Archaeology is being revolutionised by remote-scanning techniques that use airborne lasers to detect otherwise invisible ground features. This 'light detection and ranging' technology, known as LIDAR, helps scientists record differences in altitude down to just a few centimetres. Trees and bushes are no obstacle - they can be calculated out later with a computer. The lasers can even make out structures up to 4 metres under water. What remains is a 3-dimensional image of the earth's surface, including geometric formations that betray structures hidden underground.
     Archaeologists in Germany have already discovered thousands of new sites. For decades, researchers have been studying the Glauberg, in the central state of Hesse, where people settled some 7,000 years ago. Over the millennia, the plateau was inhabited by Celts and Alemanni. In 1996, archaeologists made the sensational discovery of an almost perfectly preserved statue of a Celtic warrior, now known as the Celtic Prince of Glauberg.
     It was thought unlikely that the mound would yield any more big surprises... until an airplane flew over it multiple times, sending pulses of light to the ground and measuring their echoes. The researchers were fairly stunned. At first glance, they recognised around a dozen potential burial mounds that they hadn't known about before. "We went and took a closer look at five of them," says Axel Posluschny. "They were all burial mounds."

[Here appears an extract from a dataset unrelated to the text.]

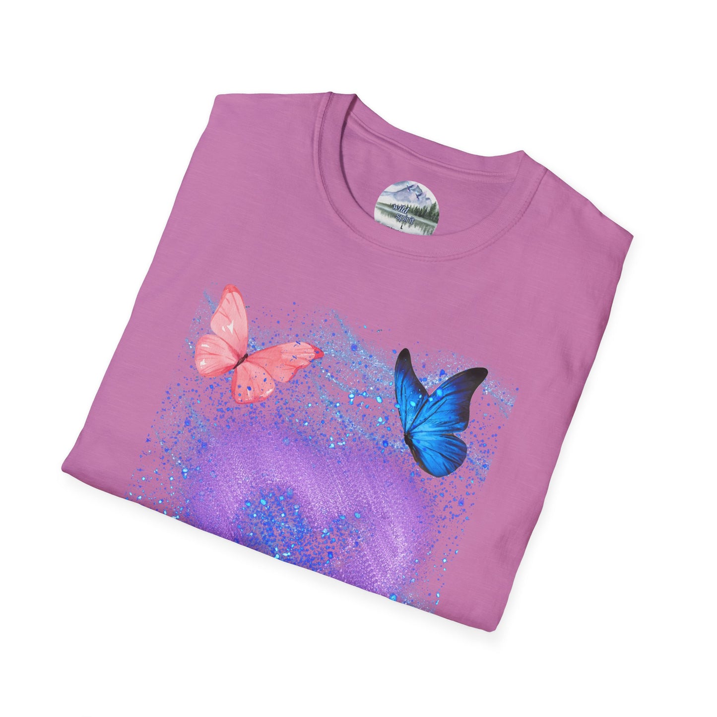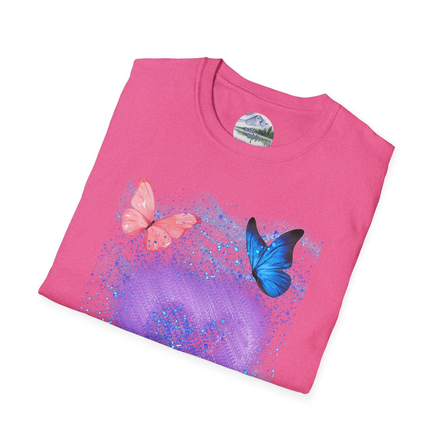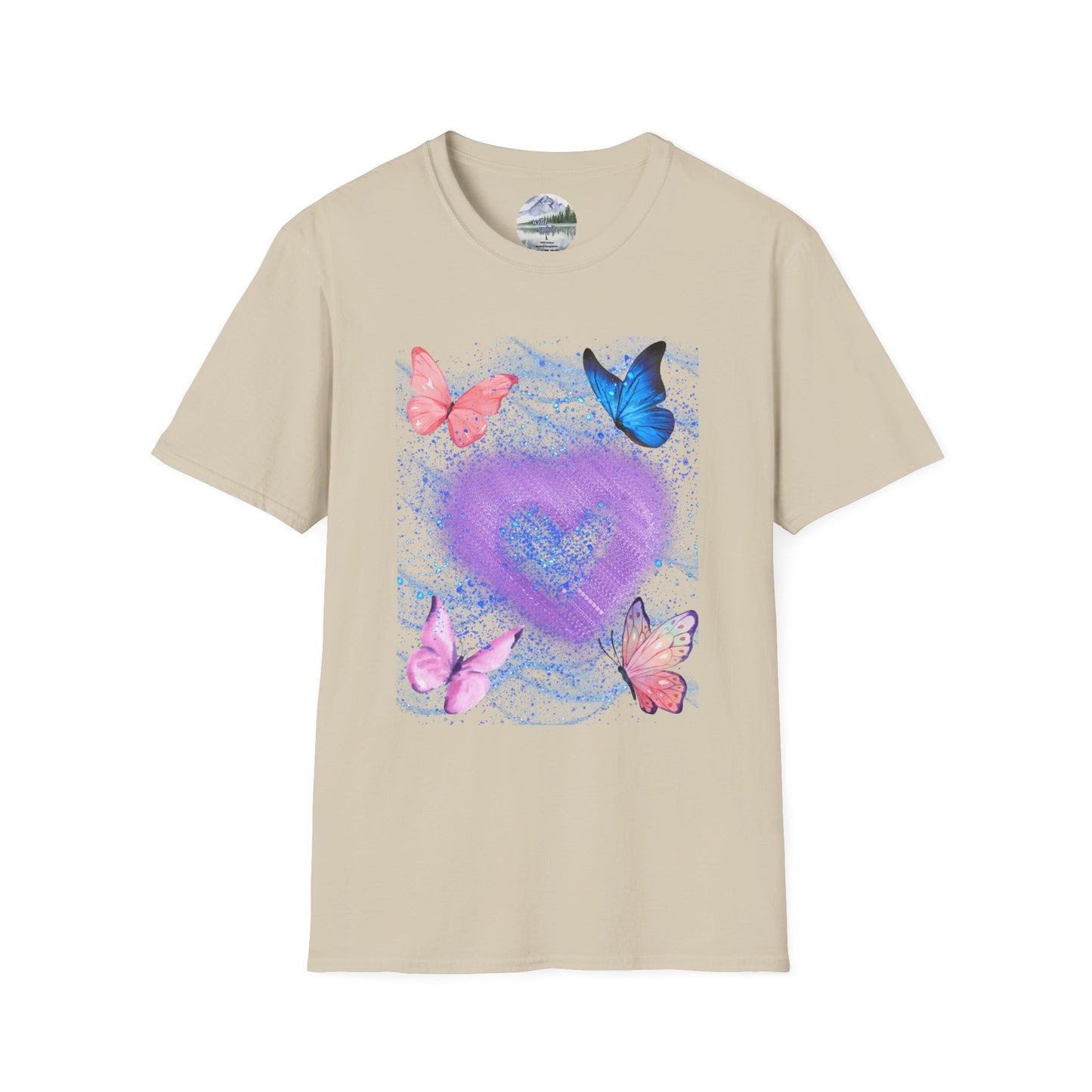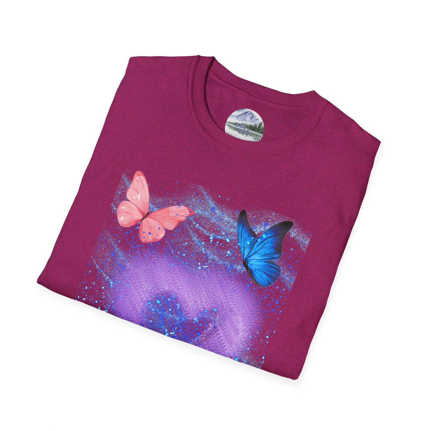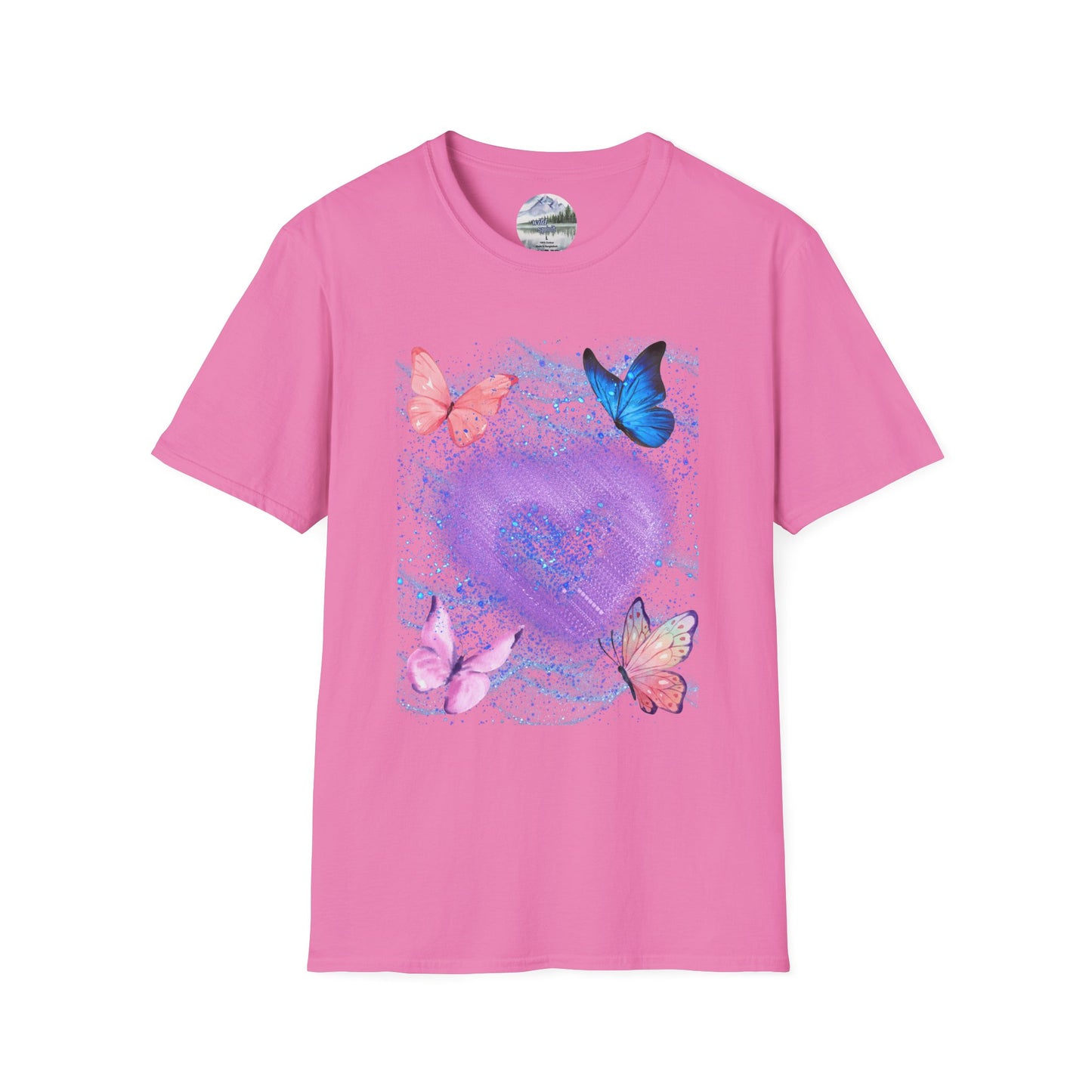 This unisex soft style T-Shirt features a Valentine's Day butterfly design. It exudes a romantic and whimsical vibe, perfect for celebrating Valentine's Day or as a thoughtful gift for a loved one. With its comfortable fabric and classic fit, this T-Shirt is suitable for adults looking for a versatile wardrobe staple.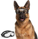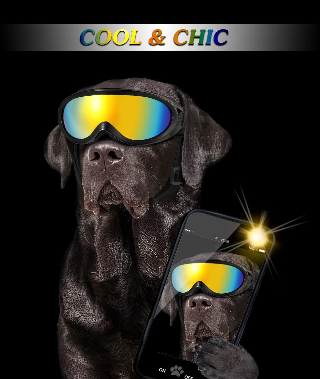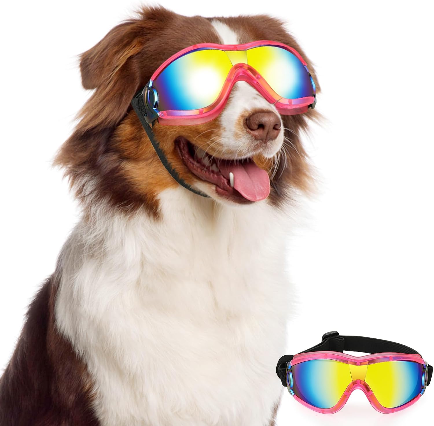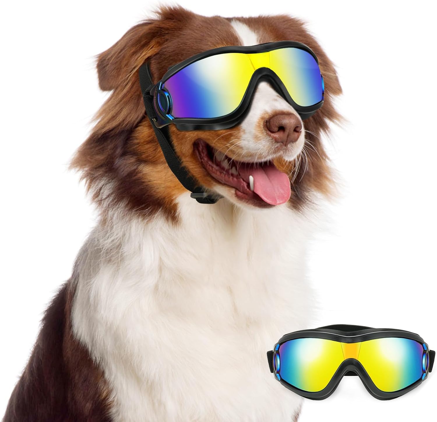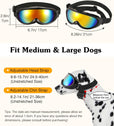 - 【Premium Material】With anti-scratch PC lenses, our sunglasses for dogs large breed feature excellent UV protection, not easy to break or damage, protecting your pet's eyes from strong sunshine/ wind/ snow/ water/ dust. With a sponge pad around the lenses, it perfectly alleviates eyestrain or the pressure from the glasses and the dog will not feel uncomfortable for long-term wear.

     Posluschny manages Archaeolandscapes Europe (ArcLand), a 5-year project which began in 2010 in which some 57 European universities and research centres are participating, to increase the archaeological use of modern remote-sensing technology such as LIDAR, ground-penetrating radar and other electric and magnetic techniques.

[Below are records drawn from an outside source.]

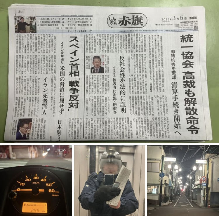 しんぶん赤旗の配達を2地域。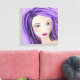 Apresenta um desenho de arte pastel abstrato de uma garota com cabelo roxo.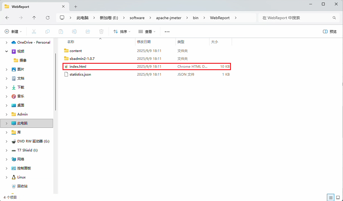 会在 E:\software\apache-jmeter\bin\WebReport 下生成 WebReport 文件夹,文件夹中的 index.html 就是压测报告。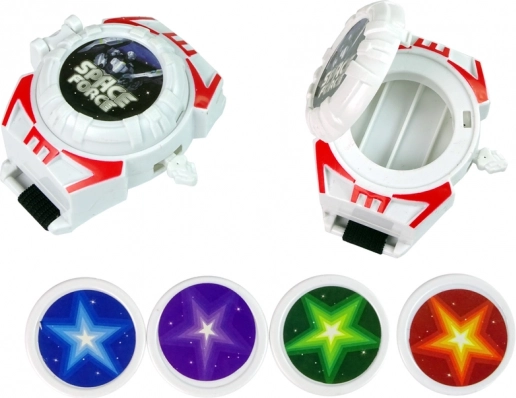 Vystřelovač disků lze nosit na zápěstí a používat ke střelbě barevnými disky, což přidává další úroveň vzrušení do hry.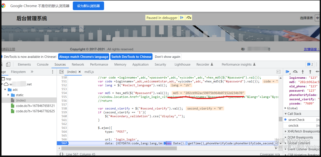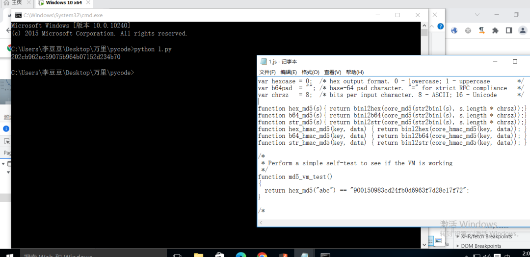 比较幸运,这个站的加密方法,他直接就是个md5.js文件,运行结果与我们抓包得到的一致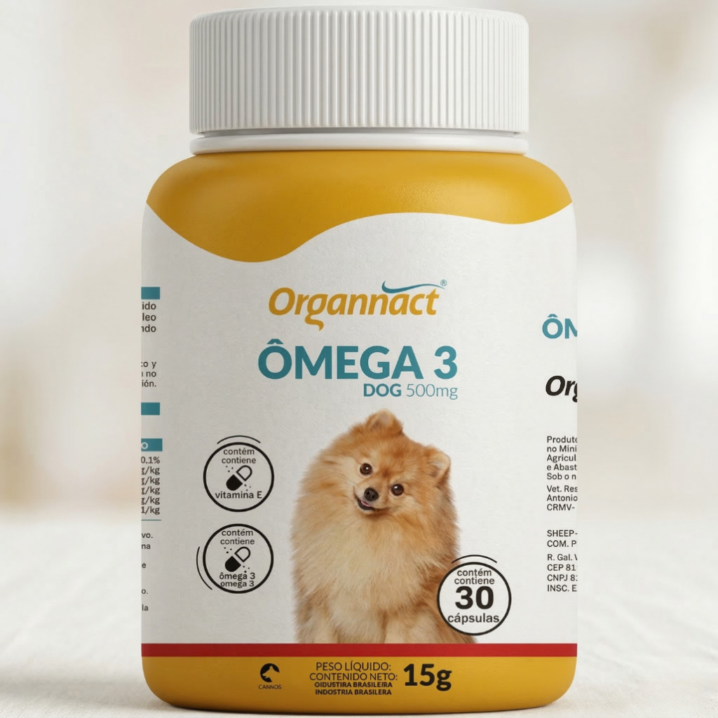 Suplemento Ômega 3 Dog Organnact 30 comprimidos 500mg - Indicado para cães; - Cápsulas gelatinosas que facilita a administração; - Contém 30 Cápsulas 500mg; - Ajuda na função cognitiva; - Pelo mais brilhante e uma pele mais saudável; - Para cães de todas as idades e portes. A escolha perfeita para quem busca oferecer o melhor em cuidado e saúde para o seu pet, formulado especialmente para cães, este suplemento é rico em Ômega 3, um ácido graxo essencial que desempenha um papel crucial na manutenção de uma pele saudável e pelo brilhante, além de contribuir para a saúde cardiovascular e suporte ao desenvolvimento cognitivo. Cada comprimido é cuidadosamente produzido para garantir a dose ideal de Ômega 3, proporcionando assim, uma maneira fácil e conveniente de complementar a dieta do seu cão com nutrientes essenciais que ele pode não estar obtendo apenas através da alimentação, ideal para cães de todas as idades e tamanhos, o Suplemento Ômega 3 Dog Organnact oferece uma solução prática para promover uma vida longa e saudável para o seu pet. Este suplemento é fácil de administrar e pode ser oferecido diretamente ou misturado à comida do seu cão, tornando-se um hábito simples no dia a dia que faz uma grande diferença na qualidade de vida do seu animal de estimação. Modo de usar Cápsulas 500mg: 1 a 2 cápsulas por dia para cada 10 kg de peso do cão. Composição Óleo de peixe refinado, DL-Alfa-Tocoferol, BHT (Butilhidroxitolueno).
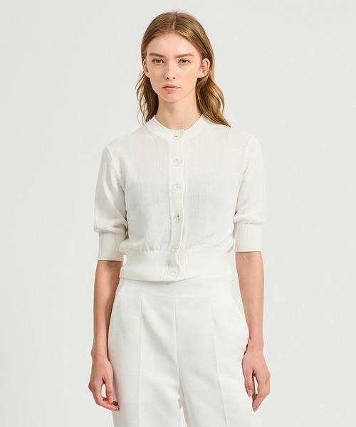 <ASSEMBLE ESTNATION アトレ恵比寿店 先行発売商品> 【ESTNATION(エストネーション)】 サラッとした感触の夏にぴったりな軽やかなカーディガン。 ハリ感のあるペーパーヤーンを使用し、体から離れることで空気層が生まれ、通気性に優れた涼しく快適な着心地です。 コンパクトな5分袖のサイジングは、ボトムとのバランスが取りやすくスタイリングをすっきりと見せてくれます。シンプルなデザインながら、クリアな透明ボタンが涼しげなアクセントに。 機能性とデザイン性を兼ね備えた、夏のデイリースタイルに活躍する一枚です。 同素材アイテム ノースリーブ品番 : 52-109-12-070307 ■こちらは手洗い可能な商品です。 【お買い物をよりお楽しみいただくために】 ▽商品のお気に入り登録(ハートマークをクリック) 完売カラーの再入荷通知や、ラスト1点の通知、値下げの通知を受けることができます。 ▽ブランドのお気に入り登録 ESTNATIONのトップページ右上にある「お気に入りショップに追加」を押していただくと、新商品や再入荷など、いち早くブランドのお得な情報を受け取ることができます。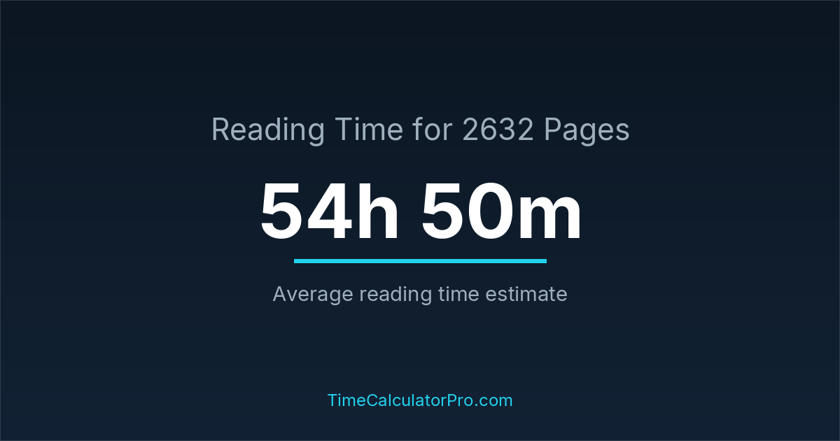 Reading 2632 pages usually takes approximately 54 hours and 50 minutes for the average reader, though this can vary depending on concentration and reading habits.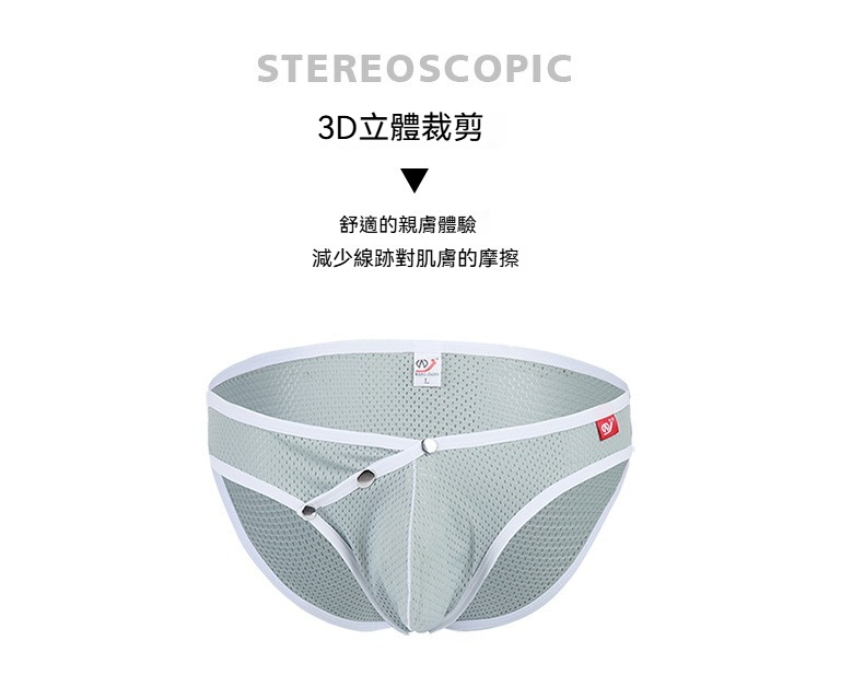 【可拆卸紐扣】冰絲網孔網孔透氣速乾低腰緊身三角男士內褲

     The broad potential of remote-sensing technology has been highlighted in recent years.
     A team with the 'Discovery Programme' research project in Ireland scanned the already heavily researched Boyne Valley with lasers, finding a number of previously unknown small mounds, possible burial tombs, and Stone Age earthworks.
     In a obscure forest near Goppingen in southwest Germany, an entire system of fortifications have been found. "The wall was 3 to 4 metres high at some points," says Jorg Bofinger, from the Stuttgart-based office of historical preservation. "It was completely unknown."
     In a roughly 2,000-square-kilometre area of the southern Black Forest, some 3,000 archaeological sites were known. Says Bofinger: "after the LIDAR scan, we had more than 36,000 sites."